Exercise description = In the listing below, find the line with "寒い中、校務員さんが玄関の清掃をしてくれています。" and copy every line from there up to and including the line with "Essai philosophique sur", exactly and without pictures.

(Dataset records begins)

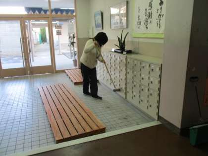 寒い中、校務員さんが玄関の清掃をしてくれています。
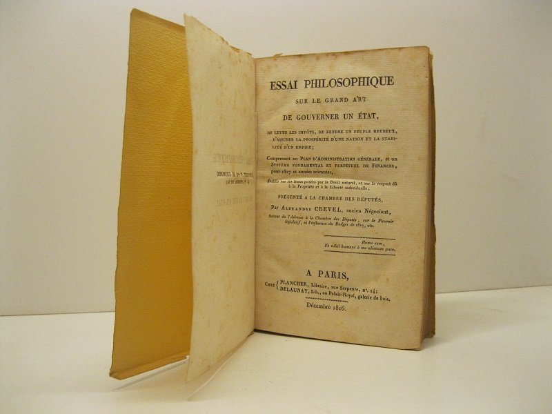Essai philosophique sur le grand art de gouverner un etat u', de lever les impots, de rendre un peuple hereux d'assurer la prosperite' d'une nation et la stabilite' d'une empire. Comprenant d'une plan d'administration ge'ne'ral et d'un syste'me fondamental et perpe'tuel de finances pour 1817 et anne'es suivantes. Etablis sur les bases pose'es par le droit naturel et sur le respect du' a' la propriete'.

(Dataset records ends)
(Dataset records begins)

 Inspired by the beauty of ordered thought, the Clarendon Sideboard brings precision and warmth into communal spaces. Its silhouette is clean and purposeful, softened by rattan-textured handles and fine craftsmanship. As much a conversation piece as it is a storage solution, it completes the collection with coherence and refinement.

(Dataset records ends)

Task output =
 寒い中、校務員さんが玄関の清掃をしてくれています。
Essai philosophique sur le grand art de gouverner un etat u', de lever les impots, de rendre un peuple hereux d'assurer la prosperite' d'une nation et la stabilite' d'une empire. Comprenant d'une plan d'administration ge'ne'ral et d'un syste'me fondamental et perpe'tuel de finances pour 1817 et anne'es suivantes. Etablis sur les bases pose'es par le droit naturel et sur le respect du' a' la propriete'.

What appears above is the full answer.